• INPUT DATA:
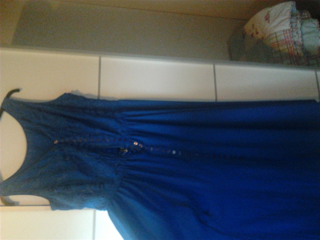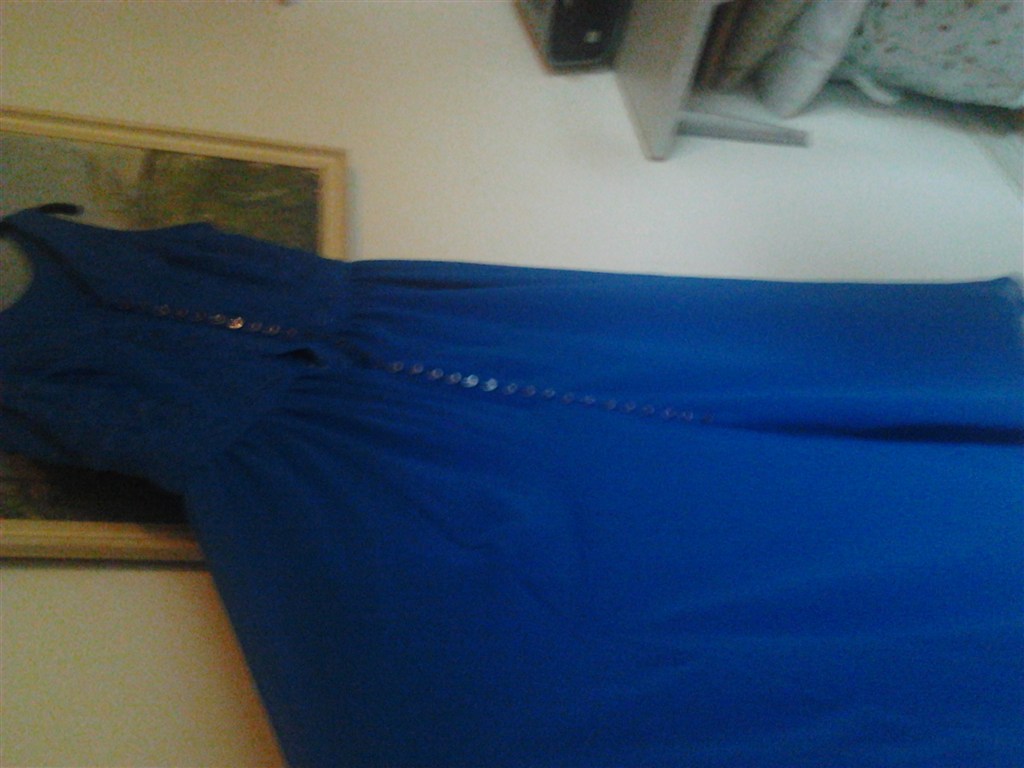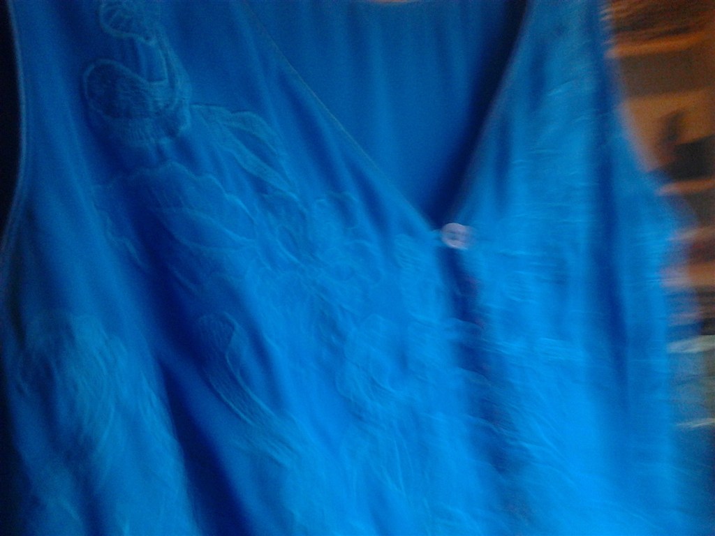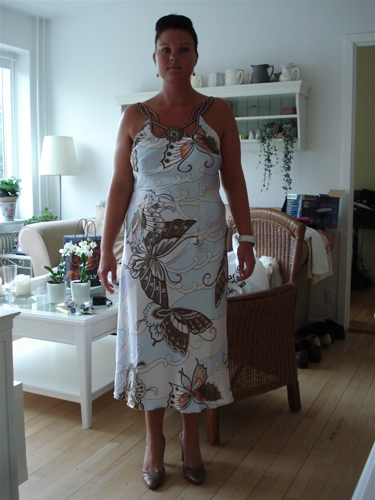 jeg har da i hvert fald en, - den er lys koboltblå nærmest, og i sådan noget tyndt let gennemsigtigt i flere lag oven på hinanden i skørtet, og med silkebroderi i blomster på overdelen. Små knapper hele vejen ned foran.
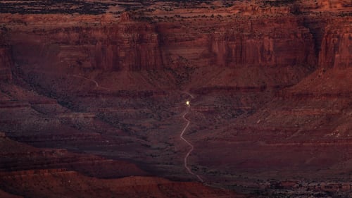 The Shafer Canyon dirt road is viewed at sunrise on October 7, 2023 near Moab, Utah. (George Rose/Getty Images)
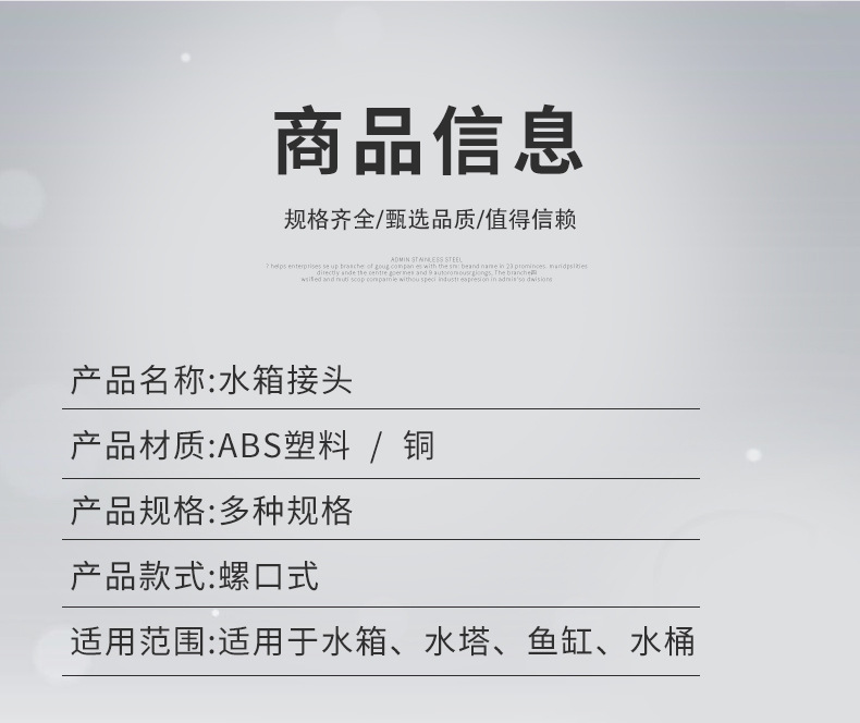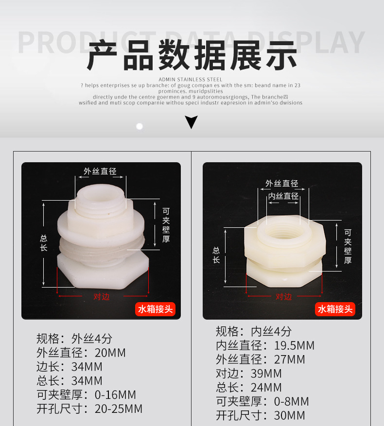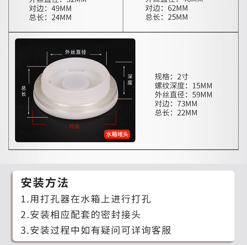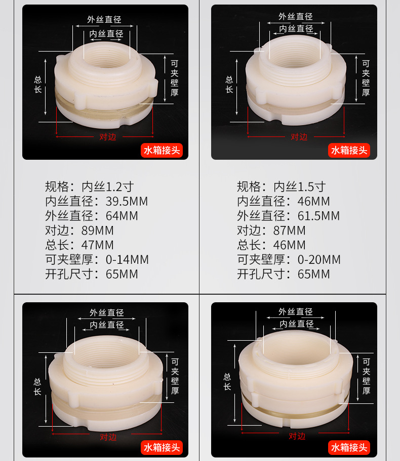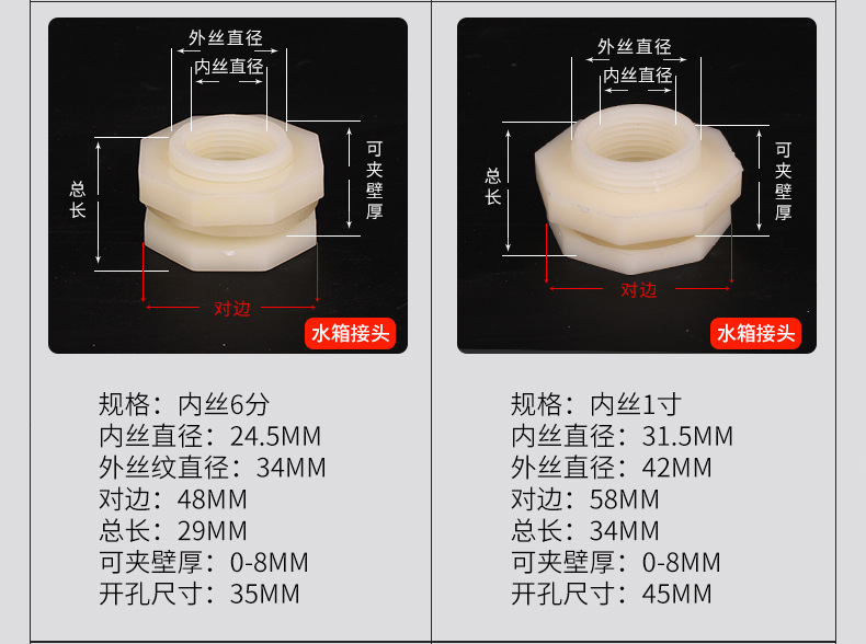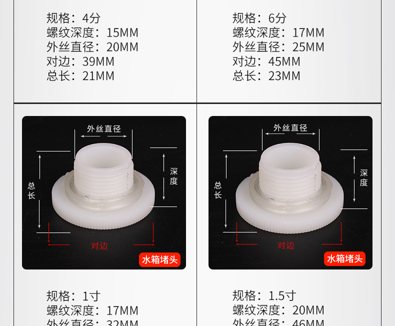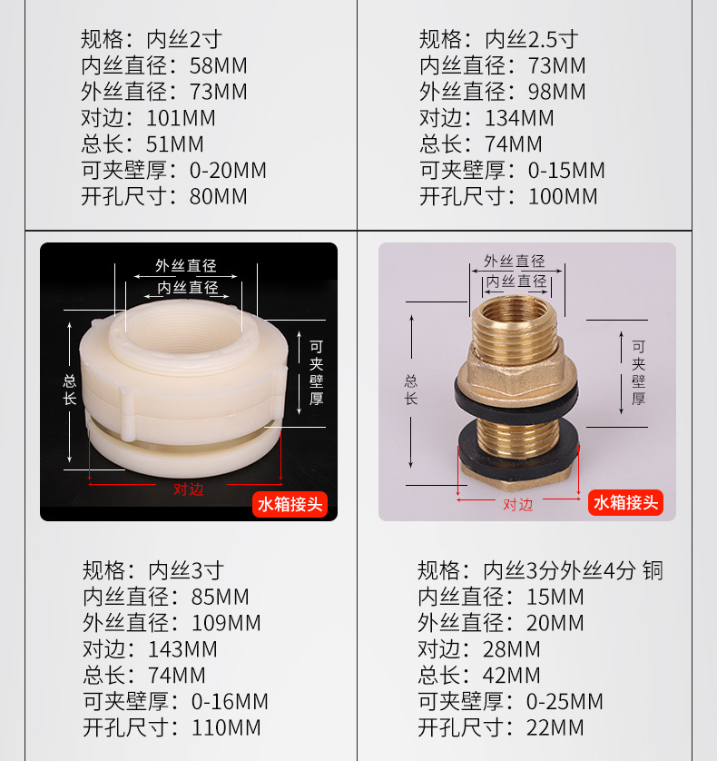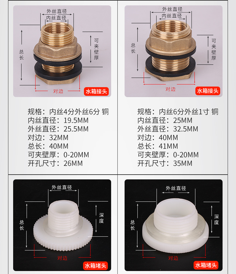 | Especificaciones del producto | 4 puntos de rosca interna conector del tanque de agua con 1 Junta,Conector externo del tanque de agua del hilo de 4 puntos con 1 Junta,Conector del tanque de agua de rosca interna de 6 puntos con 1 Junta,(DN25) conector interno del tanque de agua del hilo de 1 pulgada con 1 Junta,Conector del tanque de agua 4 puntos de cobre (alambre interior 3 puntos de alambre exterior 4 puntos) con 2 juntas,Conector del tanque de agua 6 puntos de cobre (cable interior 4 puntos de cable exterior 6 puntos) con 2 juntas,Conector del tanque de agua 1 pulgada de cobre (cable interno 6 puntos cable externo 1 pulgada) con 2 juntas,(DN32) conector interno del tanque de agua del hilo de 1,2 pulgadas con 1 Junta,(DN40) conector interno del tanque de agua del hilo de 1,5 pulgadas con 1 Junta,(DN50) conector interno del tanque de agua del hilo de 2 pulgadas con 1 Junta,(DN65) conector interno del tanque de agua del hilo de 2,5 pulgadas con 1 Junta,(DN80) conector interno del tanque de agua del hilo de 3 pulgadas con 1 Junta,(DN100) conector interno del tanque de agua del hilo de 4 pulgadas,Tapón del tanque de agua 4 puntos,Tapón del tanque de agua 6 puntos,Enchufe del tanque de agua 1-inch,Enchufe del tanque de agua 1.2-inch,Enchufe del tanque de agua 1.5-inch,Tapón del tanque de agua de 2 pulgadas,4 puntos junta del conector del tanque de agua del hilo interno,6 puntos de rosca interna conector del tanque de agua Junta,Junta interna del conector del tanque de agua del hilo de 1 pulgada,1,5/1,2 pulgadas rosca interna Junta conector del tanque de agua,Junta interna del conector del tanque de agua del hilo 2-inch |

• TASK STATEMENT: Return the listing above unaltered, omitting its pictures.

• RESPONSE AREA:
 jeg har da i hvert fald en, - den er lys koboltblå nærmest, og i sådan noget tyndt let gennemsigtigt i flere lag oven på hinanden i skørtet, og med silkebroderi i blomster på overdelen. Små knapper hele vejen ned foran.
 The Shafer Canyon dirt road is viewed at sunrise on October 7, 2023 near Moab, Utah. (George Rose/Getty Images)
 | Especificaciones del producto | 4 puntos de rosca interna conector del tanque de agua con 1 Junta,Conector externo del tanque de agua del hilo de 4 puntos con 1 Junta,Conector del tanque de agua de rosca interna de 6 puntos con 1 Junta,(DN25) conector interno del tanque de agua del hilo de 1 pulgada con 1 Junta,Conector del tanque de agua 4 puntos de cobre (alambre interior 3 puntos de alambre exterior 4 puntos) con 2 juntas,Conector del tanque de agua 6 puntos de cobre (cable interior 4 puntos de cable exterior 6 puntos) con 2 juntas,Conector del tanque de agua 1 pulgada de cobre (cable interno 6 puntos cable externo 1 pulgada) con 2 juntas,(DN32) conector interno del tanque de agua del hilo de 1,2 pulgadas con 1 Junta,(DN40) conector interno del tanque de agua del hilo de 1,5 pulgadas con 1 Junta,(DN50) conector interno del tanque de agua del hilo de 2 pulgadas con 1 Junta,(DN65) conector interno del tanque de agua del hilo de 2,5 pulgadas con 1 Junta,(DN80) conector interno del tanque de agua del hilo de 3 pulgadas con 1 Junta,(DN100) conector interno del tanque de agua del hilo de 4 pulgadas,Tapón del tanque de agua 4 puntos,Tapón del tanque de agua 6 puntos,Enchufe del tanque de agua 1-inch,Enchufe del tanque de agua 1.2-inch,Enchufe del tanque de agua 1.5-inch,Tapón del tanque de agua de 2 pulgadas,4 puntos junta del conector del tanque de agua del hilo interno,6 puntos de rosca interna conector del tanque de agua Junta,Junta interna del conector del tanque de agua del hilo de 1 pulgada,1,5/1,2 pulgadas rosca interna Junta conector del tanque de agua,Junta interna del conector del tanque de agua del hilo 2-inch |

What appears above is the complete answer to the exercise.